Brief. Transcribe the entries exactly as they stand below, passing over any picture.

Extracted data entries:
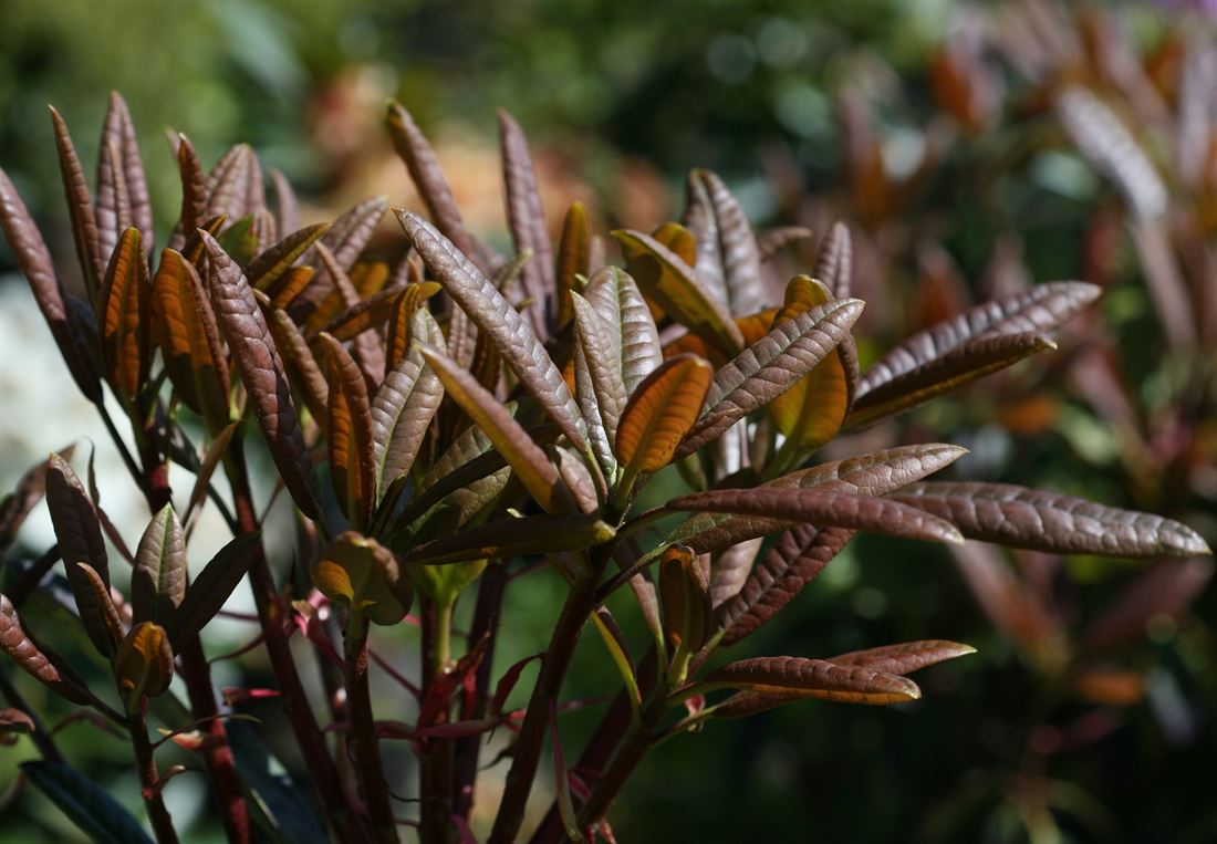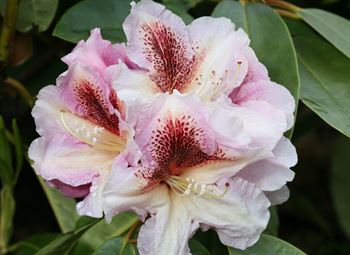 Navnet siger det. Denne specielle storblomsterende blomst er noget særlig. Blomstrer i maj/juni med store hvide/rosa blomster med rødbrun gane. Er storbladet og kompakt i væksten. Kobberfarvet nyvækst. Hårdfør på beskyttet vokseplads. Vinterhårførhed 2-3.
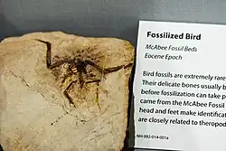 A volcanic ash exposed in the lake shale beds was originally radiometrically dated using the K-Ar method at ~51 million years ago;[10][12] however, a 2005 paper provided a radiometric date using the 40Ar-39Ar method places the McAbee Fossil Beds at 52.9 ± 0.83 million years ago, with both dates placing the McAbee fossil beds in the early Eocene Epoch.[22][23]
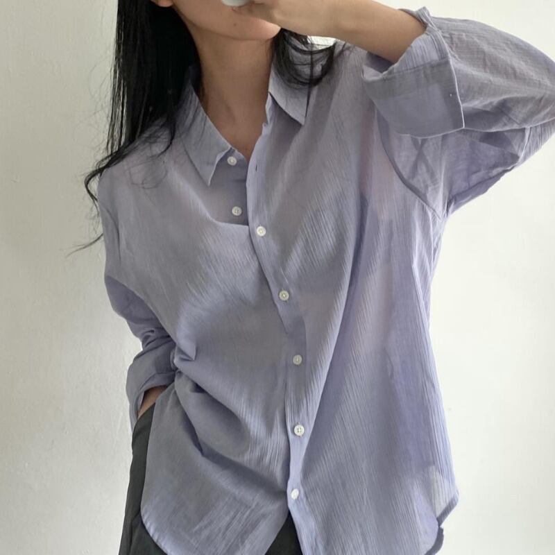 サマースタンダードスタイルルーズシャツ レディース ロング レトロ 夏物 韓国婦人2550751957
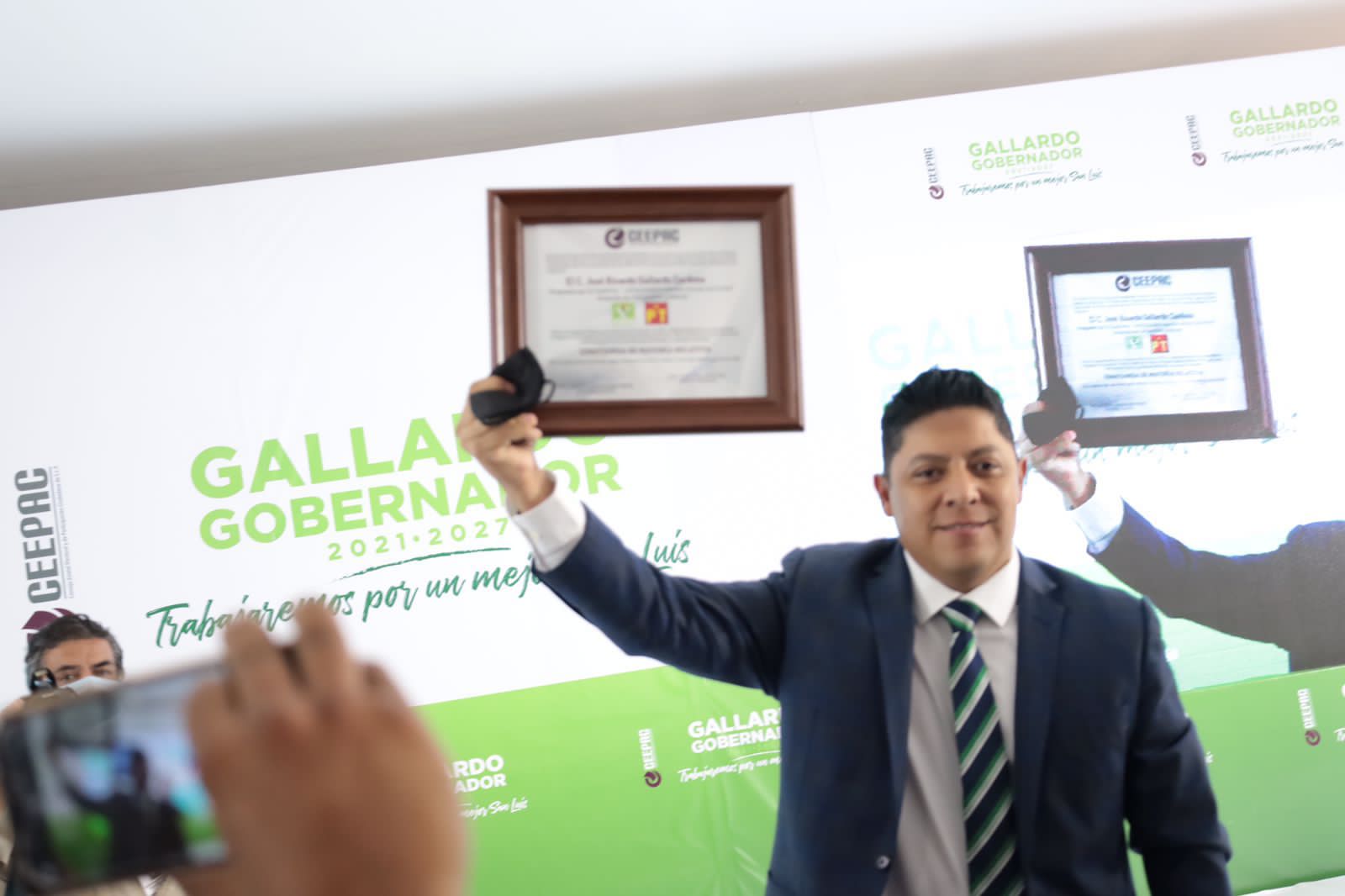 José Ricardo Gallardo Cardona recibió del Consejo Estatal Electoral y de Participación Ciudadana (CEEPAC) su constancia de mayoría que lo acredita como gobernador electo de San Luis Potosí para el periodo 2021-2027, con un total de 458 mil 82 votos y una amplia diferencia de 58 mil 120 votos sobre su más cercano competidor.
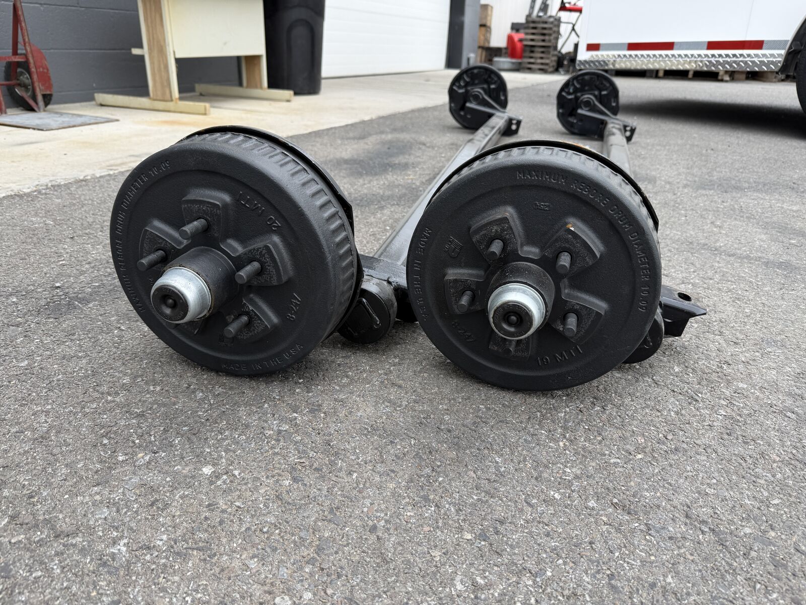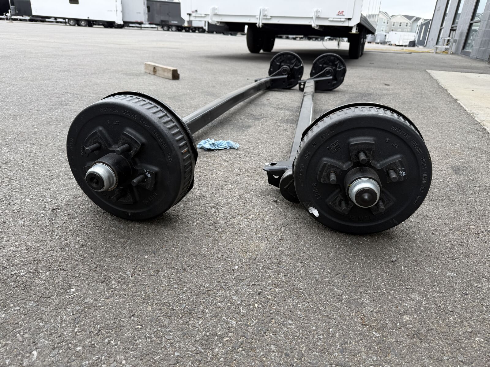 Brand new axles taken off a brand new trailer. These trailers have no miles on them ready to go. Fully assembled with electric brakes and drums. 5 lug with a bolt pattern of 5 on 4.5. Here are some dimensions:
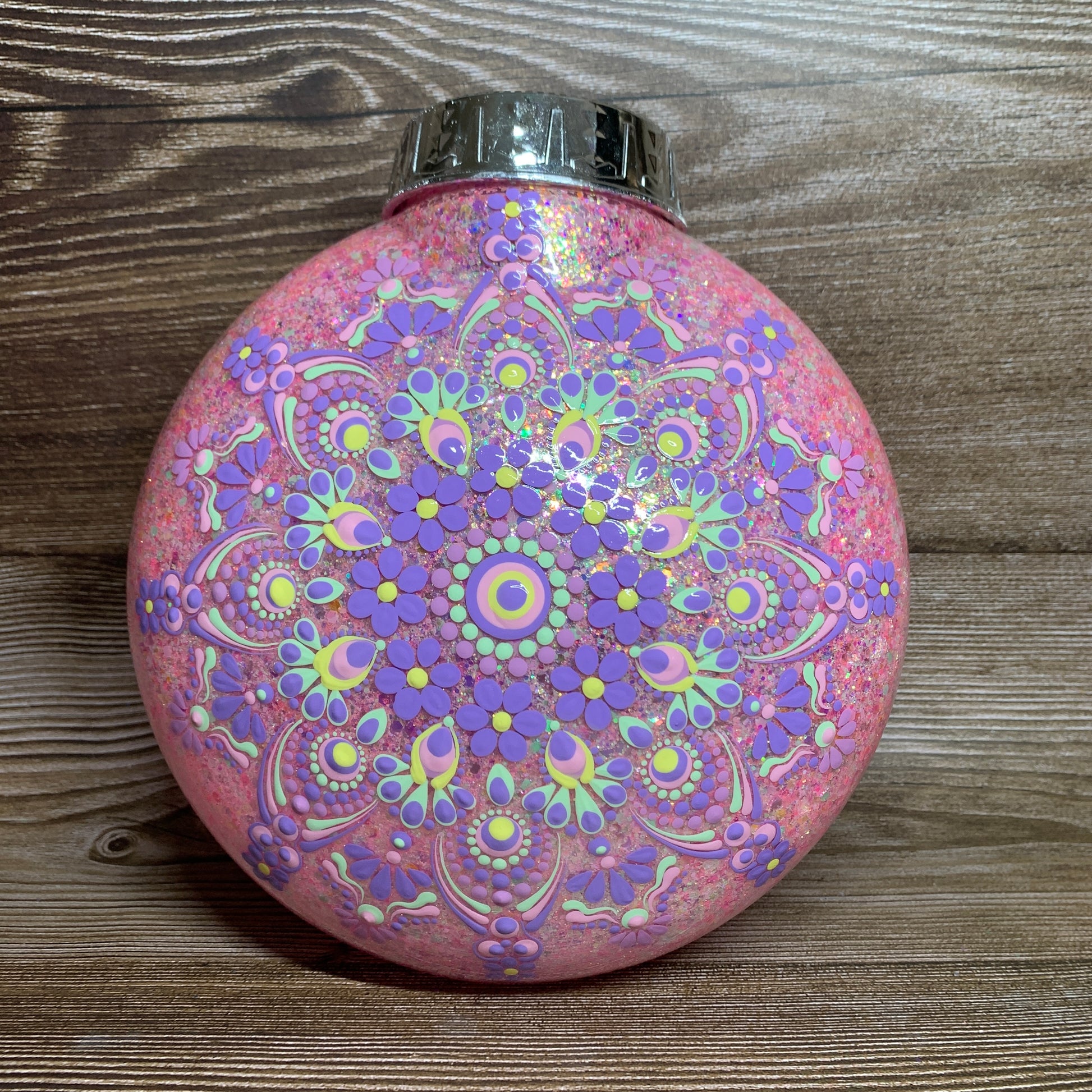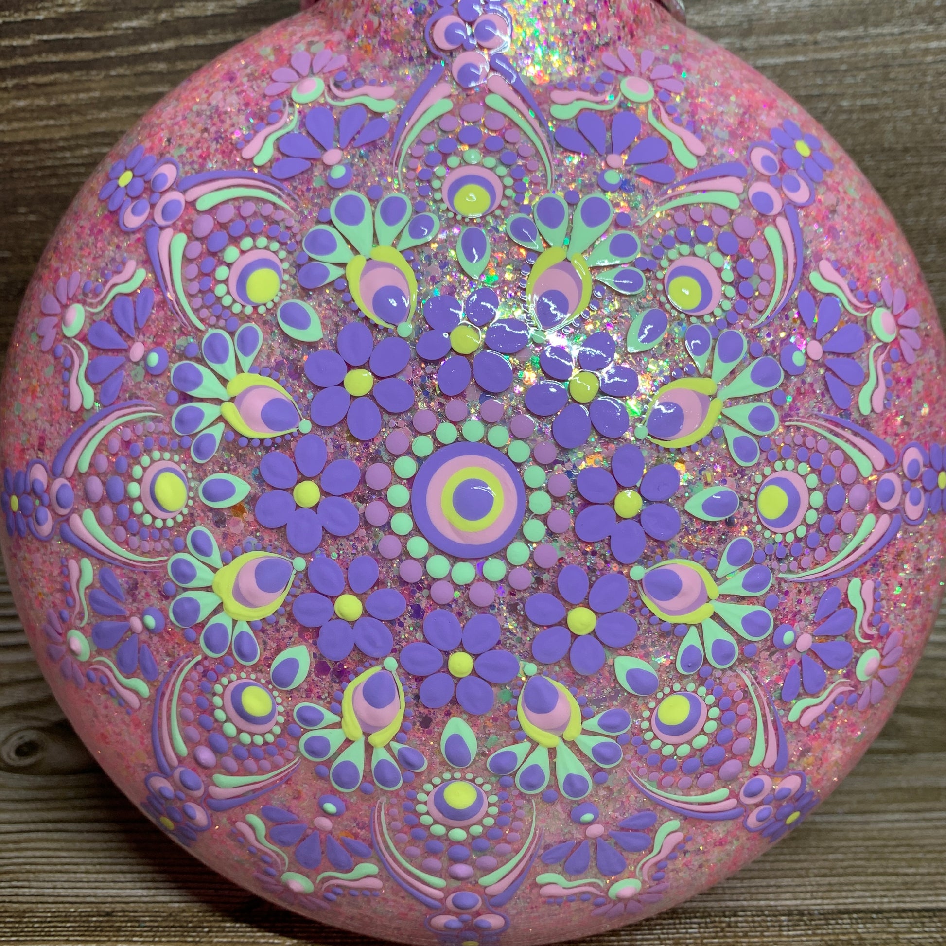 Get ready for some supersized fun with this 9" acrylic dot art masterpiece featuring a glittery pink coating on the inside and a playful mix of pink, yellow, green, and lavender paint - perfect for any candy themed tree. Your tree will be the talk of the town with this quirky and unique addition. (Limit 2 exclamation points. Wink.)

Response below.
 Navnet siger det. Denne specielle storblomsterende blomst er noget særlig. Blomstrer i maj/juni med store hvide/rosa blomster med rødbrun gane. Er storbladet og kompakt i væksten. Kobberfarvet nyvækst. Hårdfør på beskyttet vokseplads. Vinterhårførhed 2-3.
 A volcanic ash exposed in the lake shale beds was originally radiometrically dated using the K-Ar method at ~51 million years ago;[10][12] however, a 2005 paper provided a radiometric date using the 40Ar-39Ar method places the McAbee Fossil Beds at 52.9 ± 0.83 million years ago, with both dates placing the McAbee fossil beds in the early Eocene Epoch.[22][23]
 サマースタンダードスタイルルーズシャツ レディース ロング レトロ 夏物 韓国婦人2550751957
 José Ricardo Gallardo Cardona recibió del Consejo Estatal Electoral y de Participación Ciudadana (CEEPAC) su constancia de mayoría que lo acredita como gobernador electo de San Luis Potosí para el periodo 2021-2027, con un total de 458 mil 82 votos y una amplia diferencia de 58 mil 120 votos sobre su más cercano competidor.
 Brand new axles taken off a brand new trailer. These trailers have no miles on them ready to go. Fully assembled with electric brakes and drums. 5 lug with a bolt pattern of 5 on 4.5. Here are some dimensions:
 Get ready for some supersized fun with this 9" acrylic dot art masterpiece featuring a glittery pink coating on the inside and a playful mix of pink, yellow, green, and lavender paint - perfect for any candy themed tree. Your tree will be the talk of the town with this quirky and unique addition. (Limit 2 exclamation points. Wink.)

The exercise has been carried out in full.